++++ WORKING DATA

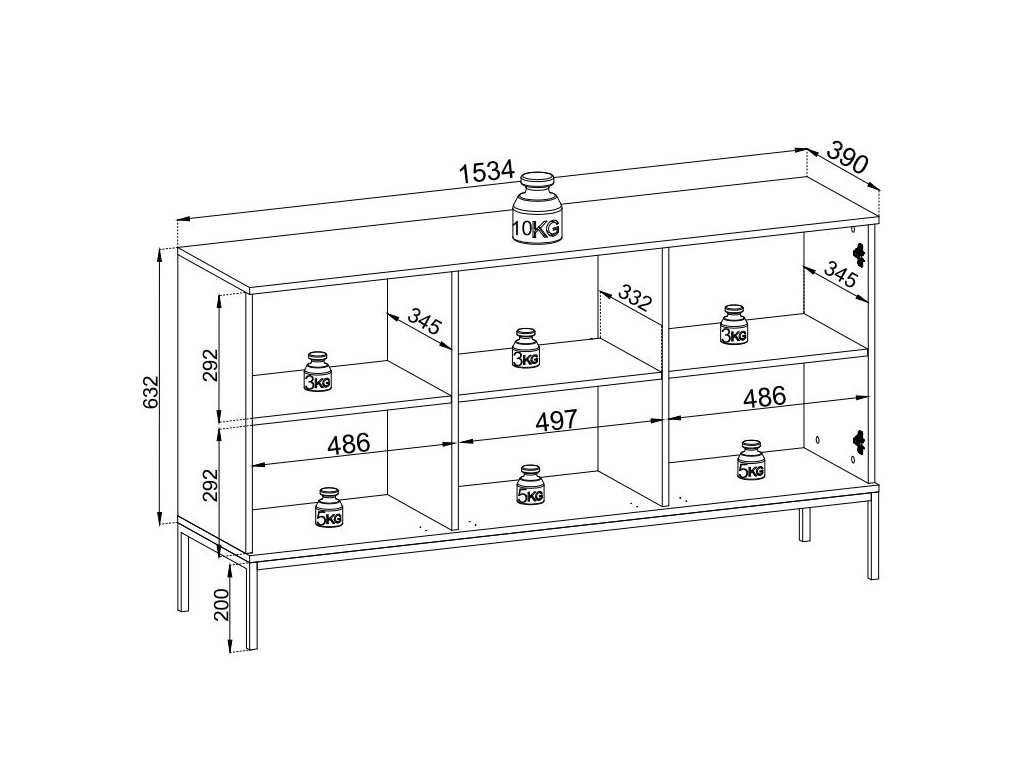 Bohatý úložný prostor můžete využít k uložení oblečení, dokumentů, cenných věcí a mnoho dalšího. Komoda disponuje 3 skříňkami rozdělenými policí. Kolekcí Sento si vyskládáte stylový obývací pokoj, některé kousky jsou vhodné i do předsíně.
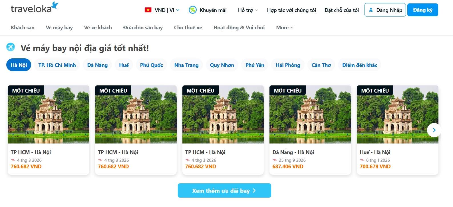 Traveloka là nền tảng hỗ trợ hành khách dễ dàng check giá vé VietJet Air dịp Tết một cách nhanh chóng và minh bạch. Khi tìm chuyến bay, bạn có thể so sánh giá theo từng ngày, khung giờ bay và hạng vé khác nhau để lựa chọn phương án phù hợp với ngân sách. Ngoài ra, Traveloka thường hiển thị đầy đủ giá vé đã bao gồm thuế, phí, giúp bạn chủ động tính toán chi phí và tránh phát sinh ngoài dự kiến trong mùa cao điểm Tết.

++++++++
++++ WORKING DATA

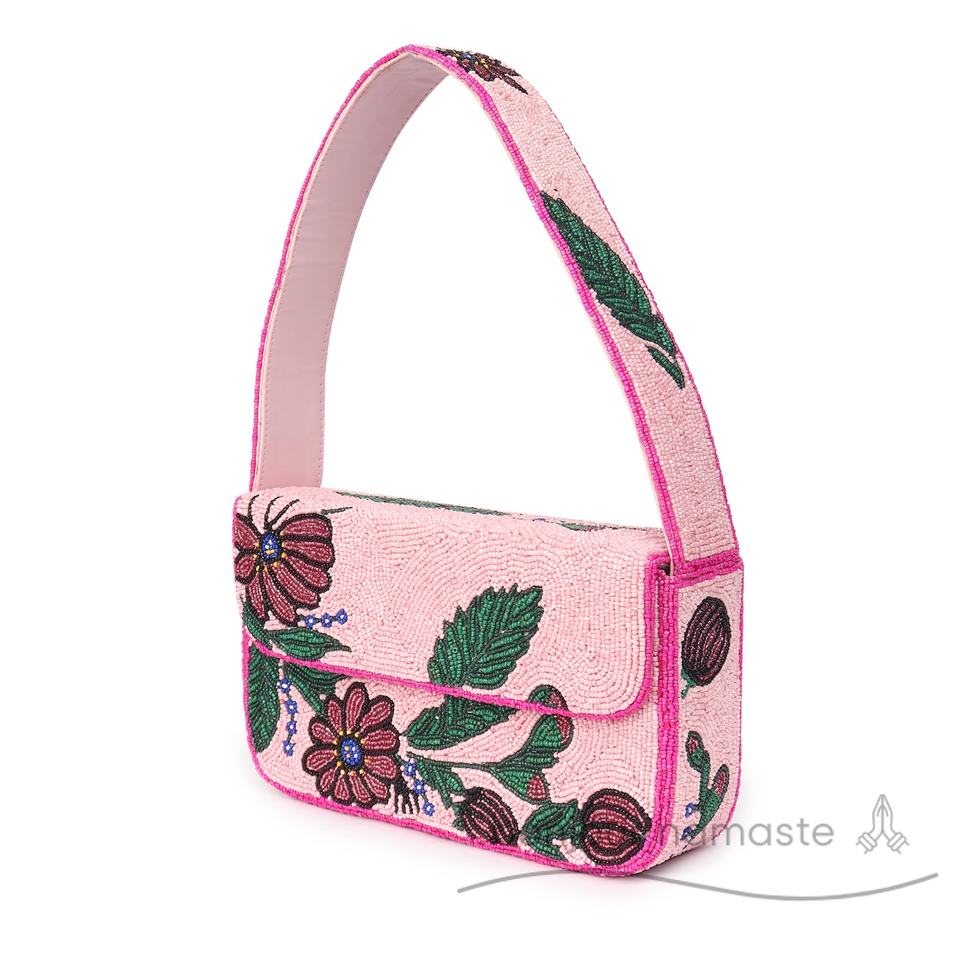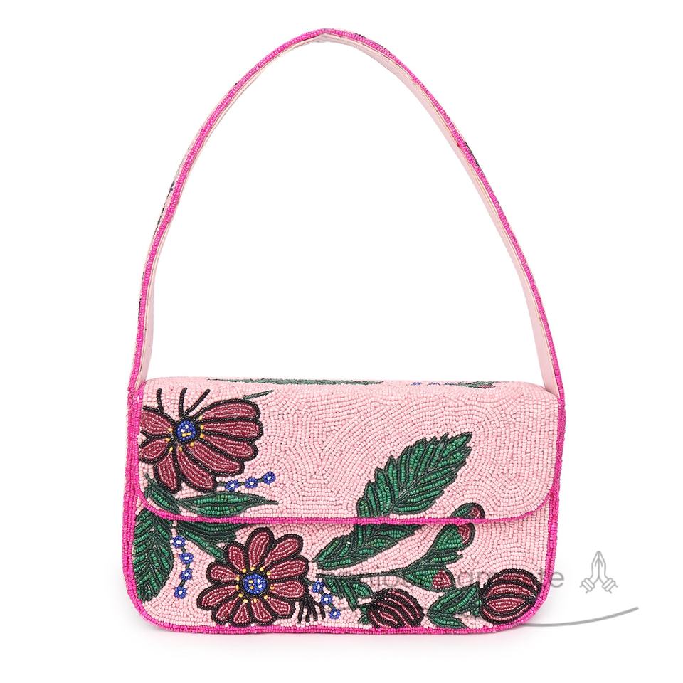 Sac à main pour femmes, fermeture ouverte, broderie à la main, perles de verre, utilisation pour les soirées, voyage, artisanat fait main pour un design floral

++++++++

DIRECTIONS FOR THIS TASK:
Return exactly the lines of the material above, starting at the line containing "Bohatý úložný prostor" and finishing at the line containing "Traveloka là nền", without any pictures.

REPLY TO THE TASK:
 Bohatý úložný prostor můžete využít k uložení oblečení, dokumentů, cenných věcí a mnoho dalšího. Komoda disponuje 3 skříňkami rozdělenými policí. Kolekcí Sento si vyskládáte stylový obývací pokoj, některé kousky jsou vhodné i do předsíně.
 Traveloka là nền tảng hỗ trợ hành khách dễ dàng check giá vé VietJet Air dịp Tết một cách nhanh chóng và minh bạch. Khi tìm chuyến bay, bạn có thể so sánh giá theo từng ngày, khung giờ bay và hạng vé khác nhau để lựa chọn phương án phù hợp với ngân sách. Ngoài ra, Traveloka thường hiển thị đầy đủ giá vé đã bao gồm thuế, phí, giúp bạn chủ động tính toán chi phí và tránh phát sinh ngoài dự kiến trong mùa cao điểm Tết.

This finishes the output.